• About this exercise: Working through the entries below, find how many lines include "Sanayi", then write only that number.

Stored records:
__________________________________________________

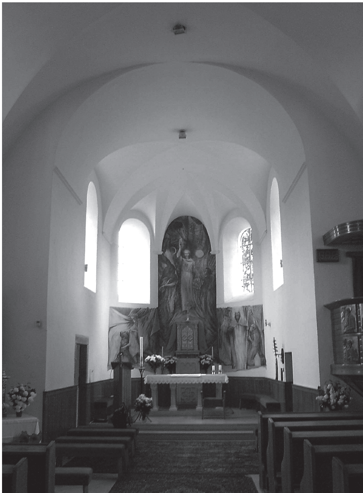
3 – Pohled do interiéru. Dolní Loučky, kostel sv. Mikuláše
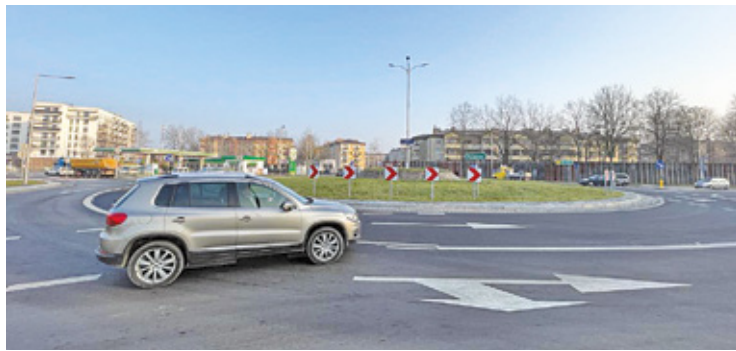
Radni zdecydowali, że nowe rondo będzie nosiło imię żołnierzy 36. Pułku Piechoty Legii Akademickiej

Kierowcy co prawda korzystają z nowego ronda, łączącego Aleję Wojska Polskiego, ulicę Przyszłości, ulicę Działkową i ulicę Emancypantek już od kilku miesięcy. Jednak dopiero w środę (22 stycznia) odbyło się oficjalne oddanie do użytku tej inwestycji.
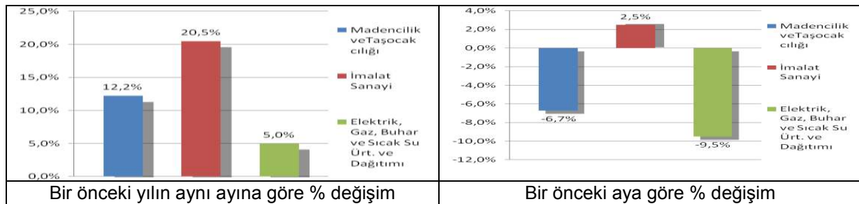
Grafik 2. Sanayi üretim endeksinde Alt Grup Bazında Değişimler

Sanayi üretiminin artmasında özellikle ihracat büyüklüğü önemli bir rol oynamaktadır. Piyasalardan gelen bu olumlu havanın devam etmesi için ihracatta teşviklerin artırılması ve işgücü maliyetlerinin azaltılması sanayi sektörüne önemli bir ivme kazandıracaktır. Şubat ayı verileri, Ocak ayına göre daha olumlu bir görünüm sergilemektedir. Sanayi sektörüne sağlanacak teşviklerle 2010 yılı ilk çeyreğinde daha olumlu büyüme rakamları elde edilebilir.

__________________________________________________

• Task output: 2